Since Core M enables fan-less designs, the gear that’s associated with systems that aren’t fan-less can be stripped out. This includes cooling fans, heat-sinks, and exhaust vents. These parts are often thick, and can add significant weight (compared to other hardware, at least) to whatever computer they’re in. By eliminating the need for these components, computers with Core M chips in them could be very thin and light down the line.

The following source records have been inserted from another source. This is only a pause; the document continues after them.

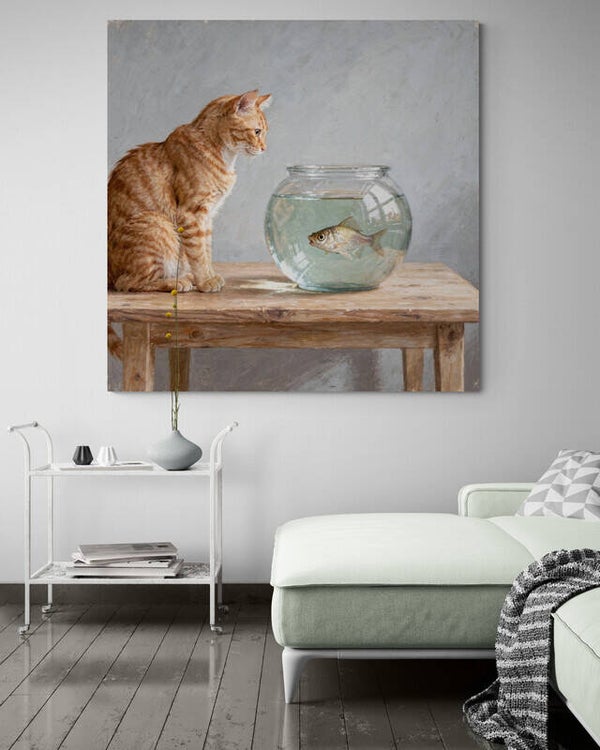 Een verstild moment vol spanning en zachtheid. De aandachtige kat en de goudvis in de glazen kom kijken elkaar zwijgend aan, gevangen in een helder en tijdloos licht. De sobere achtergrond en de natuurlijke houten tafel versterken het gevoel van rust en observatie, waardoor dit schilderij een kalme en karaktervolle aanwezigheid in de ruimte brengt.
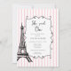 Simple et élégant rose et blanc "She said said Oui" invitation à la douche nuptiale à Paris avec la Tour Eiffel.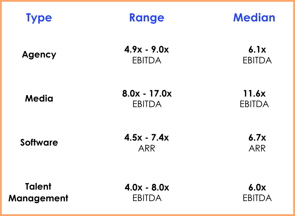 Valuation Range: Most creator economy companies are valued at 5x - 8x EBITDA.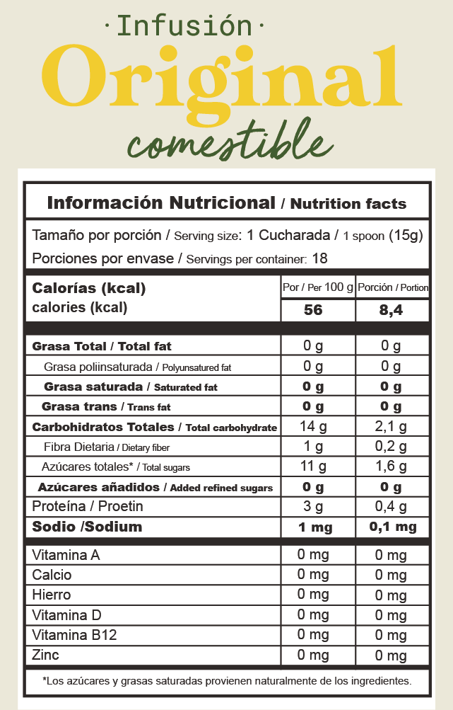 Bebidas calientes: 1 porción (15gr) para un vaso de 8oz. Agregarle agua caliente y dejar reposar por 5 minutos para que la fruta suelte su delicioso sabor Dato importante: Es 100% comestible, así que sírvelo con una cucharita.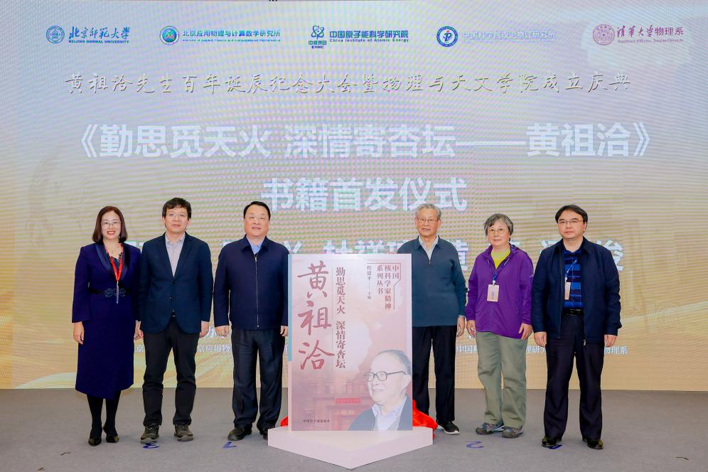 由海角视频 党委书记程建平主编、中国原子能出版社出版的中国核科学家精神系列丛书《勤思觅天火 深情寄杏坛——黄祖洽》在大会上首次发布。在书籍首发仪式上,海角视频 党委书记程建平、副校长陈兴,北京应用物理与计算数学研究所杜祥琬,海角视频 党委书记梁颖,黄祖洽先生的女儿黄萌,中国原子能出版社总编辑谭俊作为特邀嘉宾为书籍揭幕。该书籍的首发不仅是对黄先生精神的传承,更是对未来一代科研工作者的激励与鞭策。
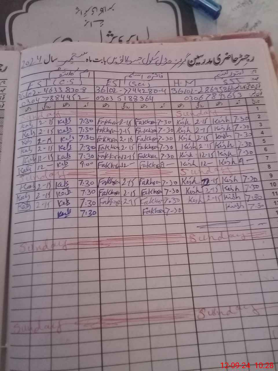 | Name: Ki**** Na**** Designation: (School Headmaster's/Headmistress's) SST GENERAL Phone/Cell Number: 03**** |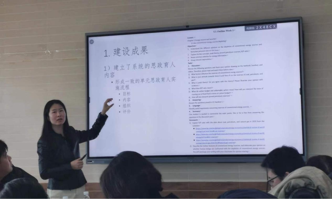 在学院“课程思政示范课项目”验收环节,李彬、许文文、李倩、杨晓华4位教师全面细致地汇报了《经济法》《社区治理》《大学英语1》《能源英语3》的课程思政建设情况以及取得的成效。
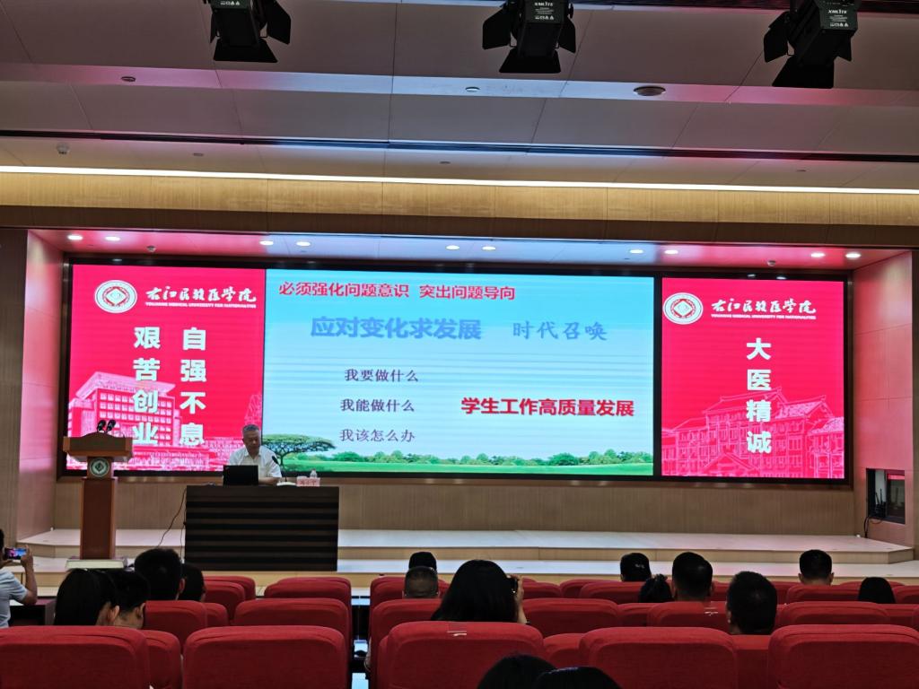 为全面贯彻习近平新时代中国特色社会主义思想,进一步落实立德树人根本任务,不断提升辅导员队伍的政治素养、业务能力和育人水平,6月5日,beat365在百城校区国际会议中心二楼报告厅举办2025年辅导员素质能力提升专题讲座。学生工作处全体成员、辅导员、班主任以及百色职业技术学院的辅导员共计70余人参与了此次培训,会议由学生工作处处长梁旭明主持。

While the Core M CPU that Intel announced today won’t be the quickest in this series (more powerful models will arrive at some point later), they should be more than capable of handling the average user’s needs. Intel believes that anyone with a notebook that’s about four years old will see a notable improvement. Systems packing the new Core M-5Y70 CPU (yes, Intel has changed its naming rules again) should be up to 2.3 times quicker when using Web-based apps, and 7.1 times faster when playing games compared to a system with an Intel Core i5-520UM CPU, for instance. The latter chip was released in January of 2010, according to this document from Intel.
Intel believes Broadwell chips will help manufacturers build products that appeal to users who own laptops that are a few years old.

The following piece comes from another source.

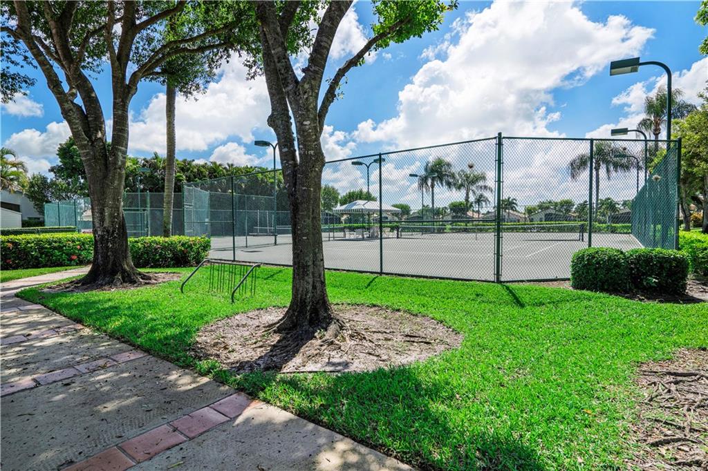 Waterfront views front this immaculately maintained single family home in the private gated community of Crescent Lakes in Boca Raton. Freshly painted inside & out, split bedroom plan (3rd bedroom is den), stunning kitchen featuring granite counters, stainless steel appliances & large eat-in area w/ water views. Vaulted ceilings w/ knockdown, smooth walls, enclosed patio, accordion hurricane shutters, tile & laminate floors throughout, inside laundry rm. w/ new washer/dryer & wired security system. Master suite w/ dual sinks, roman tub, separate shower & large walk-in closet. Updated & maintained by original owner with pride! Garage w/work bench. HOA includes Comm. pool, lawn care, irrigation, basic cable w/ HBO, gated entry, gym, billiard rm & Tennis Court. A Schools & great location.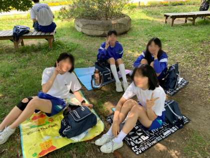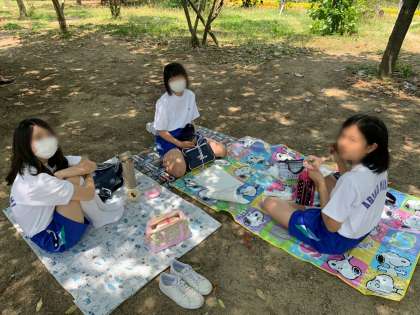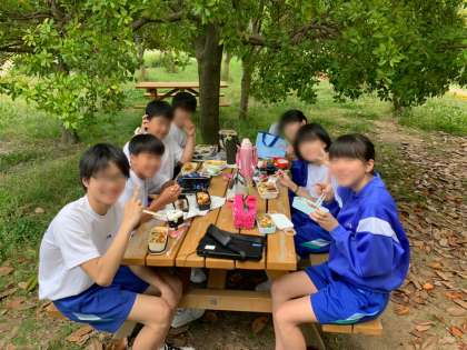 昼食は植物園内でお弁当を食べました。みなさん、良い笑顔ですね!

Intel also promises that the new chip will offer up to 50 percent faster CPU processing, and up to 40 percent better graphics performance than the company’s last generation CPUs. However, once again, these numbers are possible only because Intel has used a relatively rare processor, the Core i5-4302Y, for its comparison.
Still, an increase of some measure is likely, as Broadwell provides not only a new CPU architecture built on a more advanced production process, but also improvements to the integrated Intel HD Graphics GPU. The initial wave of mobile chips will ship with HD 5300 GPUs, which is clocked at speeds up to 850 MHz. It also supports 4K resolution, and all the latest graphics standards.
Regardless of the performance specifics, it’s clear that Intel believes Broadwell chips will help manufacturers build products that appeal to users who own laptops that are a few years old. Intel claims that a new notebook or 2-in-1 device powered with a Core M processor can be up to three times thinner, and 50 percent lighter than an ultra-portable from 2010.
While the appeal of 2-in-1 computers is debatable, the improvements that Intel claims to have made in battery life can’t be ignored. If they turn out to be true, better battery life will likely be the new Core M processor’s most impressive trait. Intel boasts an increase of over an hour and a half compared to the outgoing generation of CPUs, and that’s with a modest 35 watt-hour battery.
This translates to about 10 hours of idle time, and over 8 hours of Web browsing on a single charge. If correct, these figures show that Intel has considerably increased battery life over the last few years. For example, back in 2010, we noted that the ASUS U30Jc offered just over six hours of endurance from its gigantic eight-cell battery, which was an excellent number at the time. That was also with a light workload consisting of Web-browsing with the display’s brightness set to 50 percent.
As is always the case with early reveals, the information here should be taken with a small grain of salt, because it’s delivered exclusively from Intel. We won’t have the chance to test out Broadwell-based rigs until systems equipped with this tech begin to ship from manufacturers later this year.
While Intel’s IFA 2014 announcement is referred to as a “launch,” Intel’s production ramp-up will be slow. The company plans to begin with its most efficient (and least powerful) Core M CPUs before adding more powerful configurations. The very first Core M notebooks and 2-in-1s will land sometime in October. Meanwhile, Broadwell-based processors for desktops are not scheduled to arrive until “early 2015,” which means that we won’t see them until CES 2015, at the earliest.
Until then, we’ll be keeping a close eye on Broadwell. Intel’s decision to launch its most efficient components first shows that the company believes in small, thin systems that can potentially compete with Android and iOS tablets. This focus hasn’t paid off so far, but Intel’s new chips may be just what manufacturers need to build truly excellent 2-in-1 and super-thin computers.